◆ TO DO
Please reproduce the listing in its entirety, exactly as written, but without images.

◆ LISTED ENTRIES
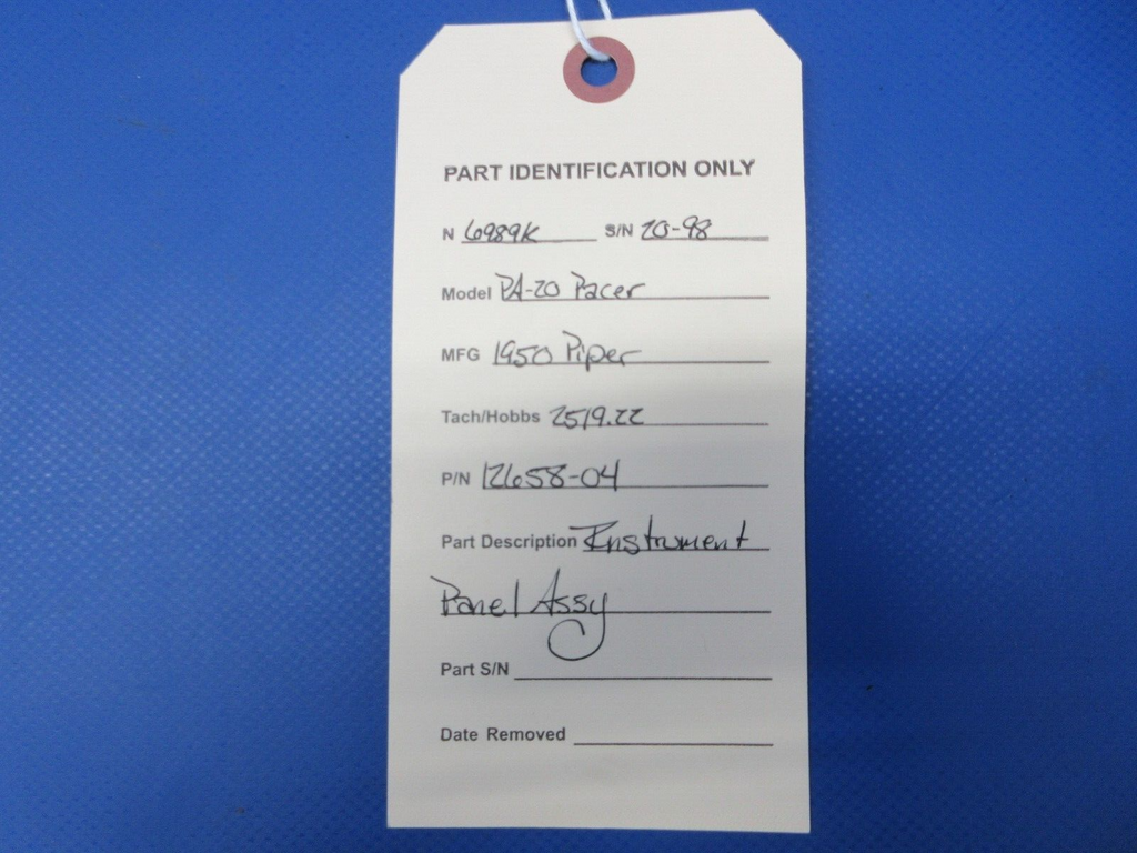 Piper PA-20 Pacer Instrument Panel Assembly. P/N 12658-04, 12658-004. Has some damage, see pictures. Removed in good condition from a parted out 1950 Piper PA-20 Pacer N6989K, S/N 20-98. TTAF 2,519.22. Guaranteed to pass inspection or your money back.
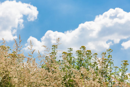 Wildflowers on summer field. Aegopodium podagraria plants.
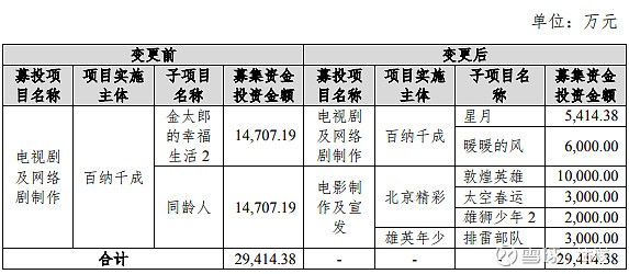 6月13日,百纳千成发布了募集资金投资项目变更的公告。原本2.94亿元投资电视剧《金太郎的幸福生活2》、《同龄人》,变更为2.94亿元投资6部电影、电视剧。
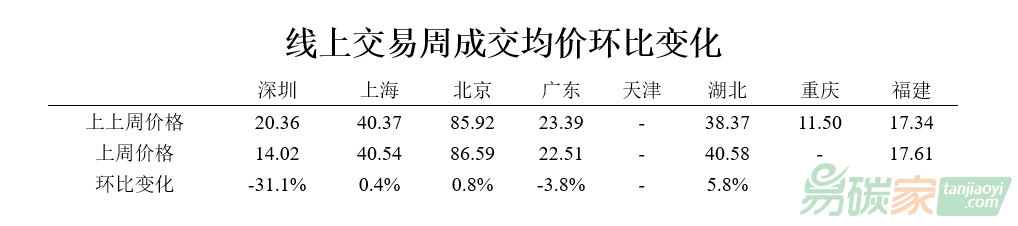 在連續(xù)兩周發(fā)生交易的區(qū)域市場中,深圳市場的價格變動幅度最大,較前一周下跌了31%;湖北成交均價較前一周略有上漲;其他地區(qū)市場價格表現(xiàn)穩(wěn)定,線上交易平均價格與前一周持平。
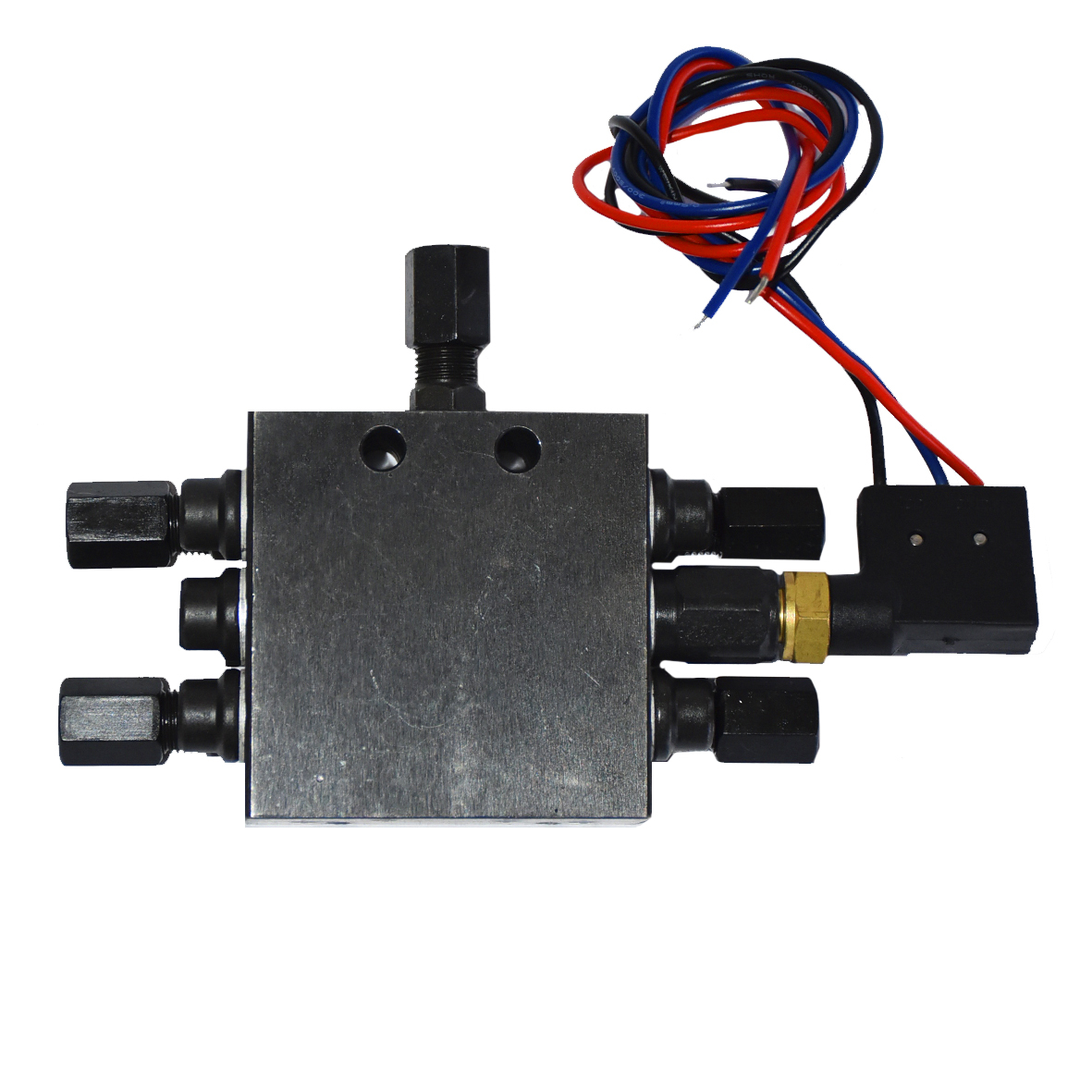 - Корпус розподільника (чорний або оцинкований блок) містить поршні, що послідовно подають мастило.
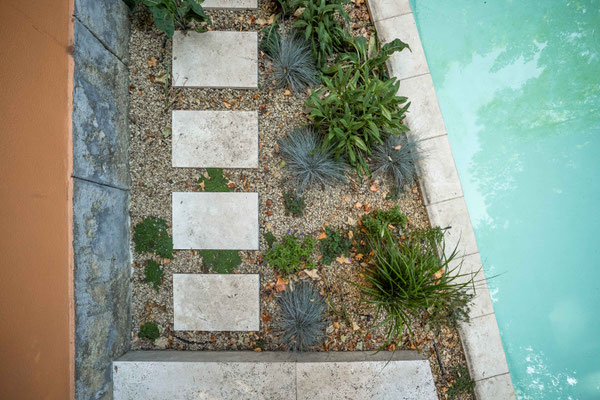 Mit der Idee eines abgesenkten Gartenzentrums haben wir diesem Grundstück Tiefe und Spannung verliehen. Die massiven Stampfbetonmauern mit Travertin-Abdeckung fassen den 60 cm tiefer liegenden Bereich ein und schaffen einen geschützten Rückzugsort mit außergewöhnlicher Atmosphäre.
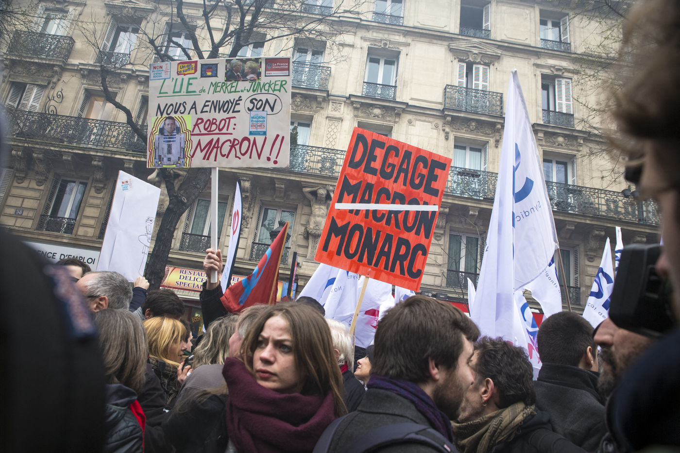 France, Paris le 22 mars 2018: Manifestation nationale des cheminots pour défendre leur statut, et lutter contre le projet de réforme de la SNCF.
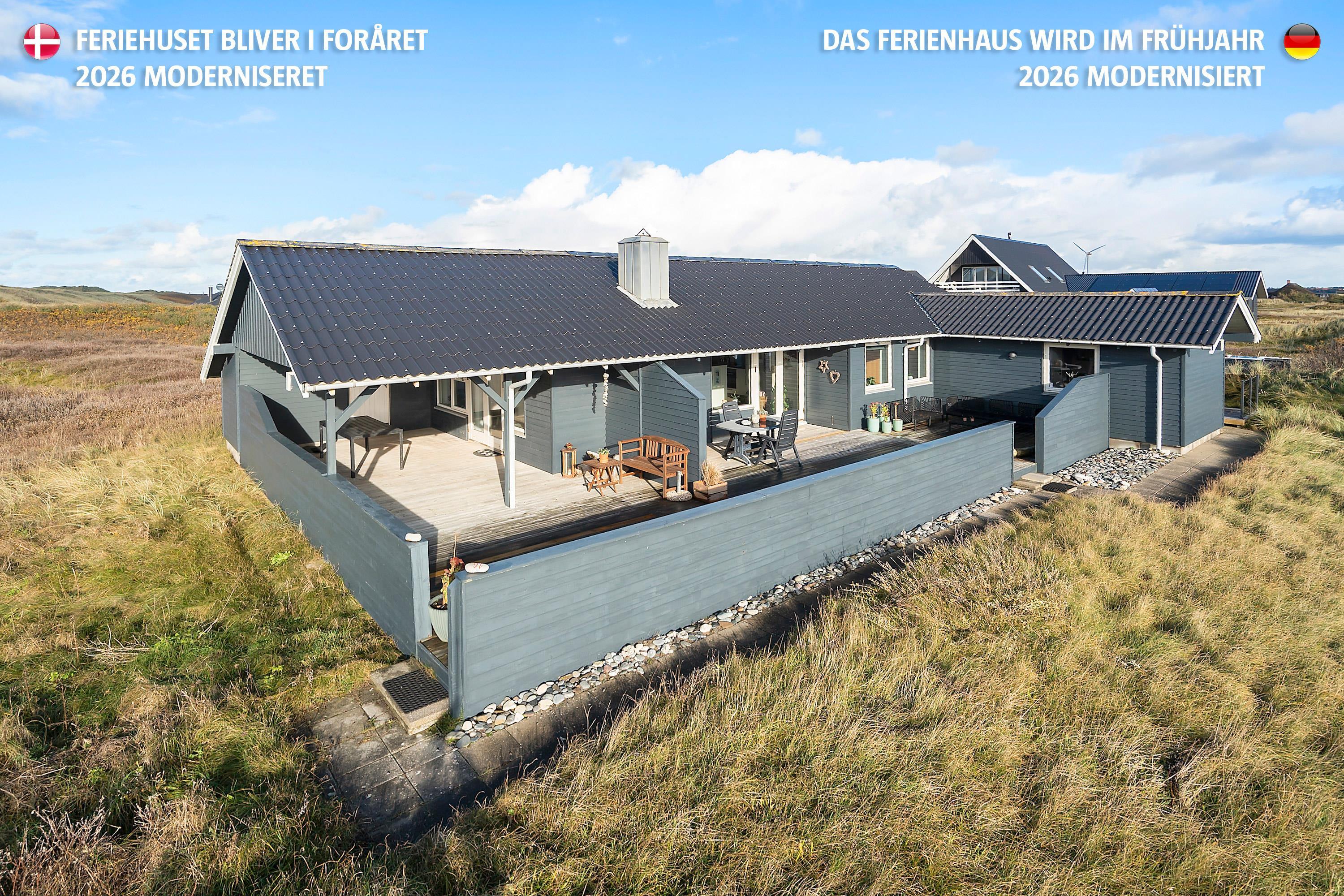 Udendørs finder I flere gode terrasseområder, hvoraf en del er overdækket. Her kan I nyde solen, grille på lune sommeraftener eller blot slappe af med udsigt til de smukke klitter. Den store naturgrund på 2.582 m² ligger ugeneret og giver masser af plads til både leg og afslapning.
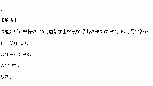 C. 【解析】 试题分析:根据AB=CD两边都加上线段BC得出AB+BC=CD+BC,即可得出答案. 【解析】 ∵AB=CD, ∴AB+BC=CD+BC, ∴AC=BD, 故选C.
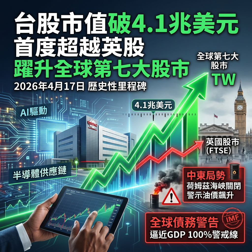 2026年4月17日,台灣資本市場迎來了一個歷史性的里程碑。根據最新數據,台灣股市的總市值已經正式突破4.1兆美元,成功將昔日的老牌金融強權擠下去,台股市值破4.1兆美元 首度超越英股,躍升為全球第七大股市。這絕對不只是一個讓股民開心一天的虛榮數字,而是深刻反映出全球資金板塊正在發生劇烈的重組,這場
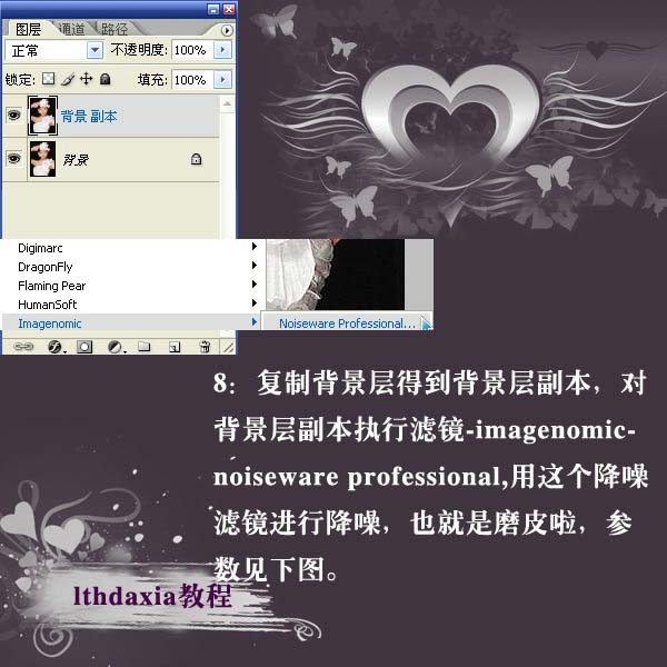 8、复制背景图层得到背景层副本,对背景层副本执行滤镜-imagenomic-noiseware professional,用这个降噪滤镜进行降噪,也就是磨皮啦。
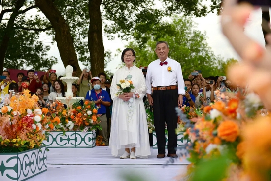 随后,50对伉俪乘坐花车一览校园风光,观看快闪,打卡留影,将笑容和身影定格在这一刻。

◆ TASK RESULT
 Piper PA-20 Pacer Instrument Panel Assembly. P/N 12658-04, 12658-004. Has some damage, see pictures. Removed in good condition from a parted out 1950 Piper PA-20 Pacer N6989K, S/N 20-98. TTAF 2,519.22. Guaranteed to pass inspection or your money back.
 Wildflowers on summer field. Aegopodium podagraria plants.
 6月13日,百纳千成发布了募集资金投资项目变更的公告。原本2.94亿元投资电视剧《金太郎的幸福生活2》、《同龄人》,变更为2.94亿元投资6部电影、电视剧。
 在連續(xù)兩周發(fā)生交易的區(qū)域市場中,深圳市場的價格變動幅度最大,較前一周下跌了31%;湖北成交均價較前一周略有上漲;其他地區(qū)市場價格表現(xiàn)穩(wěn)定,線上交易平均價格與前一周持平。
 - Корпус розподільника (чорний або оцинкований блок) містить поршні, що послідовно подають мастило.
 Mit der Idee eines abgesenkten Gartenzentrums haben wir diesem Grundstück Tiefe und Spannung verliehen. Die massiven Stampfbetonmauern mit Travertin-Abdeckung fassen den 60 cm tiefer liegenden Bereich ein und schaffen einen geschützten Rückzugsort mit außergewöhnlicher Atmosphäre.
 France, Paris le 22 mars 2018: Manifestation nationale des cheminots pour défendre leur statut, et lutter contre le projet de réforme de la SNCF.
 Udendørs finder I flere gode terrasseområder, hvoraf en del er overdækket. Her kan I nyde solen, grille på lune sommeraftener eller blot slappe af med udsigt til de smukke klitter. Den store naturgrund på 2.582 m² ligger ugeneret og giver masser af plads til både leg og afslapning.
 C. 【解析】 试题分析:根据AB=CD两边都加上线段BC得出AB+BC=CD+BC,即可得出答案. 【解析】 ∵AB=CD, ∴AB+BC=CD+BC, ∴AC=BD, 故选C.
 2026年4月17日,台灣資本市場迎來了一個歷史性的里程碑。根據最新數據,台灣股市的總市值已經正式突破4.1兆美元,成功將昔日的老牌金融強權擠下去,台股市值破4.1兆美元 首度超越英股,躍升為全球第七大股市。這絕對不只是一個讓股民開心一天的虛榮數字,而是深刻反映出全球資金板塊正在發生劇烈的重組,這場
 8、复制背景图层得到背景层副本,对背景层副本执行滤镜-imagenomic-noiseware professional,用这个降噪滤镜进行降噪,也就是磨皮啦。
 随后,50对伉俪乘坐花车一览校园风光,观看快闪,打卡留影,将笑容和身影定格在这一刻。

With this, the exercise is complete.